Андрей мог бы возразить насчет рубашек – это было семейное дело и никого не касалось. Он мог бы также отрицать насчет списывания – одноклассники не стали бы подтверждать слова Чугунковой, которую многие недолюбливали. Однако, поддержав Андрея, они перестали бы верить в его кристальную честность – ведь всем известно было, что вредная Дашка говорит правду. И тогда он сделал то, что подсказала ему интуиция – встал, откинул со лба прядь пепельных волос и просто произнес:

– Да, это правда – я часто ошибался в своей жизни, но всегда пытался осознать свои ошибки. Перед лицом своих товарищей торжественно клянусь исправиться и никогда не повторять подобного впредь.

По классу прокатился глухой рокот одобрения, в котором чуткое ухо Андрея уловило отголоски восторга. Классная руководительница мягко сказала:

– Конечно, подсказывать и пользоваться подсказкой – недостойно пионера, и очень хорошо, что ты это понял.

– Да, я много думал и осознал. Считаю, что пока не могу быть председателем совета отряда – мне еще нужно о многом подумать и многое для себя решить.

Мало кто из взрослых мог бы так выразить свои мысли, и старшая пионервожатая чуть ли не с благоговейным испугом посмотрела на мальчика, говорившего не по-детски мудро и проникновенно.

– Это хорошо, Андрей, что ты осознаешь недопустимость такого поведения, – кротко проговорила она. – Видите, ребята, Андрей Воскобейников, несмотря на допущенные ошибки, все осознал. Кстати, умение признавать ошибки – тоже очень важное качество пионера.

Андрей в этот день вышел из школы широким твердым шагом и шагал с одухотворенным, просветлевшим лицом, не обращая внимания на плетущуюся сзади сестру. Виктория была убита случившимся и всю дорогу тихонько всхлипывала, а, придя домой, разрыдалась:

– Андрюша, а вдруг тебя в следующем году в комсомол не примут?

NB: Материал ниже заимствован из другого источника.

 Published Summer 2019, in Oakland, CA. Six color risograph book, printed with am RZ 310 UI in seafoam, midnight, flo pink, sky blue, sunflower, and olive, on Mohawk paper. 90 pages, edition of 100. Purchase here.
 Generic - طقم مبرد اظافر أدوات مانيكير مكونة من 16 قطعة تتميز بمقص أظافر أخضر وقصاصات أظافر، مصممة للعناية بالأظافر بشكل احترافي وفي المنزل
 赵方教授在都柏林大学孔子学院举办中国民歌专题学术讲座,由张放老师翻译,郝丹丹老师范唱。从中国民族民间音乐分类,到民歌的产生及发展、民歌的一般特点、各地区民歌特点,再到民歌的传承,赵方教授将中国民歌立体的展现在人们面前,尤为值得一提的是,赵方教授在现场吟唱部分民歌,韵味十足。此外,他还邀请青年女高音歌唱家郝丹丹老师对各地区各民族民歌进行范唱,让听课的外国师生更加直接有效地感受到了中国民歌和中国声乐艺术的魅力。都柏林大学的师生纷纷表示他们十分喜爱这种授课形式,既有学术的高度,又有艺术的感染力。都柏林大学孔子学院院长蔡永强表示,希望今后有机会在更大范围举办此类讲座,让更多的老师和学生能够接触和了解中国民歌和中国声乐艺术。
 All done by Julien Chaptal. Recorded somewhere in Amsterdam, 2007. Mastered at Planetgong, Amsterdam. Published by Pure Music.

Брат выпустил пар, дав ей хорошего тумака:

– Дура! Все из-за тебя!

Она приняла это покорно и с пониманием.

После этого случая их рассадили, и вскоре инцидент был забыт. Через полгода Андрея приняли в комсомол и вскоре выбрали комсоргом, а Даша Чугункова поняла, что ее злобствование ни к чему не приведет, и перестала строить козни. Виктория больше не делала попыток наладить с ней отношения, сидеть вместе не захотела и назло бывшей подруге села за одну парту с новеньким мальчиком, у которого было странное имя – Антонио Скуратти. Три месяца он краснел, встретившись с ней взглядом, а однажды она нашла у себя в портфеле послание:

«Дорогая Вика! Не смейся, пожалуйста! Я очень хочу пойти с тобой в кино, но стесняюсь сказать. Если ты согласна, то скажи, а если нет, то ничего не говори, а просто разорви письмо, и пусть будет, как будто ничего не было».

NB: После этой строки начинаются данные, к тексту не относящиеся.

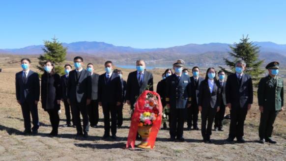 23日上午,中国驻朝鲜大使李进军带领使馆部分外交官驱车10多个小时,跋山涉水,来到咸镜南道西北部长津湖畔的长津邑中国人民志愿军烈士合葬墓地,祭拜在71年前那场著名的长津湖战役中牺牲的中国人民志愿军烈士。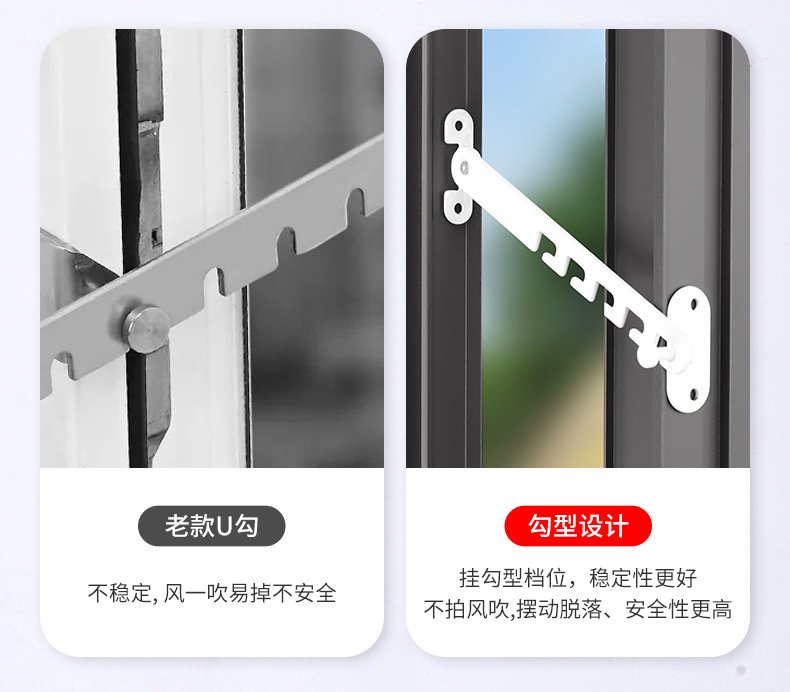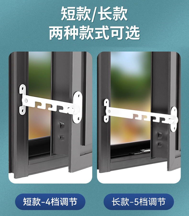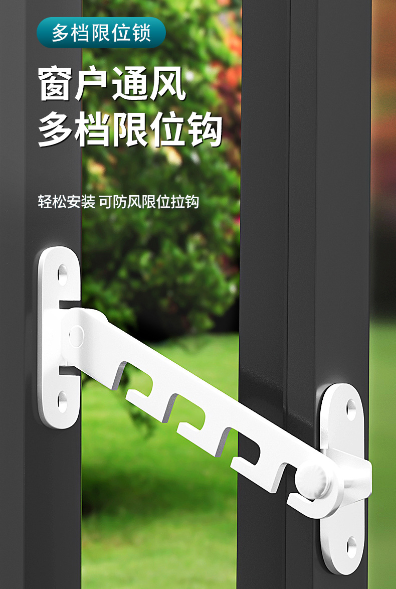 Restrictor de ventana deslizante ajustable sin agujeros de perforación y abertura plana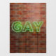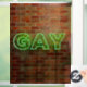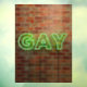 SlipperyJoe leuchtete schwulenneonsignatur leuchtend lebendig grüne Leuchtbriefe montiert rotbraunen Backstein Wand Gay Pride Geschenke Identität feiern LGBTQIA städtische industrielle Look Feier Liebe Identität Gemeinschaft leben Ihre Wahrheitswahrheit Power lebhafte Glanz Kontraste strukturierte Hintergrund schlanke elektrische Kurven Gießen lebendige Aura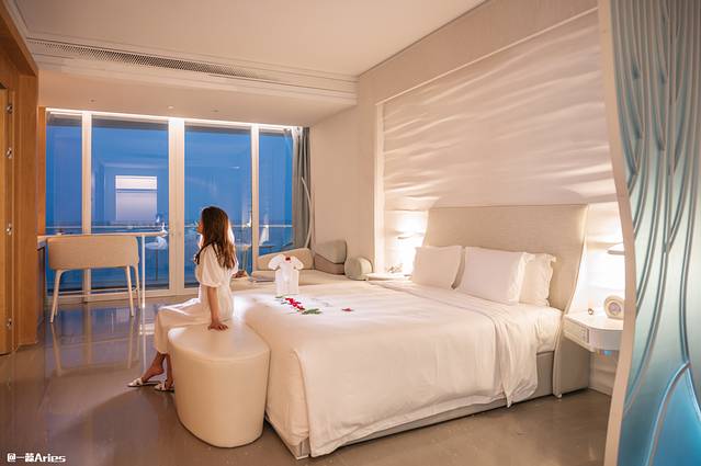 推开房门的时候也被惊艳到了,房间以典雅的灰色、米色为主色调,简约时尚;房间面积也超大,88平的180度豪华海景,一眼就能望见不远处的蜈支洲岛。
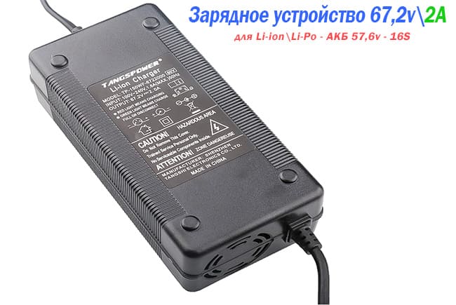 Зарядное устройство для литий-ионной, Li-ion, Li-Po аккумуляторной батареи. Это зарядное устройство имеет выходное напряжение 67,2 V с током заряда 2A подходит для сборок Li-ion - 16S. Стоимость: Зарядное устройство для Li-ion\ Li-Po АКБ 16S output 62,7V 2A на данный момент 1138 руб.

Хотя Вика втайне и считала, что ни один парень на свете не может сравниться с ее братом, письмо польстило ее самолюбию. Улыбнувшись соседу, который, опустив длинные ресницы, ждал, пока письмо будет прочитано, она сказала:

– Ладно, но только не сегодня – сегодня Андрей велел мне съездить в универмаг и купить ему тушь для плакатов. Давай завтра?

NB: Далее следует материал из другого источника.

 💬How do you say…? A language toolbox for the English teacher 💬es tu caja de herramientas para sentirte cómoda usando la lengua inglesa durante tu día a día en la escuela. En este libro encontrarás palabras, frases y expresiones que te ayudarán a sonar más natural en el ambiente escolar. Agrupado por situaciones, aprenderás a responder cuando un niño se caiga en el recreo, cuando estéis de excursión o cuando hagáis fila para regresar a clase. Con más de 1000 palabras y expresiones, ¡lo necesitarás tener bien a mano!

Так началась их дружба. Будь Антонио обычным мальчиком, одноклассники, возможно, стали бы их допекать, дразнить и писать на доске перед началом урока А + В = любовь, но он не был обычным московским мальчиком. Антонио Скуратти был сыном пламенных коммунистов – итальянца и канадской еврейки, приехавших в Советский Союз для участия в работе третьего Интернационала еще в конце тридцатых годов. В Москве они познакомились и поженились, но брак этот оказался так же недолговечен, как и сам Интернационал. После войны отец Антонио вернулся в Италию, а мать осталась в Москве. Мальчик, имевший итальянское гражданство, пожил немного у отца в Милане, потом его забрала к себе в Москву мать, и он пошел учиться в обычную московскую школу.

Мать Антонио работала переводчицей на радио. За годы жизни в Советском Союзе она так никогда и не изучила, как следует, русский язык, поэтому говорила с сильным акцентом, путая падежи. Она целые дни проводила на работе, но дверь их квартиры всегда была открыта, и там постоянно толклось множество людей – приезжавшие из-за границы товарищи по партии, коллеги по работе, зашедшие поискать какие-то документы, школьные друзья Антонио и даже соседи, забежавшие одолжить соли или сахара.

– У вас никогда ничего не пропадает? – изумлялась Виктория.

– Да нет, все ценное у нас заперто в шкафах.

Под «ценным» он подразумевал книги на разных языках, стоявшие в трех огромных дубовых шкафах с застекленными дверцами. Виктория скептически пожимала плечами: во-первых, ключ от шкафа висел тут же, на стене, во-вторых, ей было сомнительно, что домушник проникнет в квартиру, чтобы вынести потрепанное собрание сочинений Байрона на английском языке или Мопассана на французском, – под ценностями она имела в виду совсем другое. У них дома, например, золотые вещи хранились в спальне родителей, и туда не принято было заходить не только гостям, но и Виктории с Андреем, а уж о том, чтобы оставить дверь квартиры незапертой, и позволить гулять по ней малознакомым людям не могло быть и речи.

– Могут же деньги вынести или золото. У вас что, золота нет? – допытывалась она.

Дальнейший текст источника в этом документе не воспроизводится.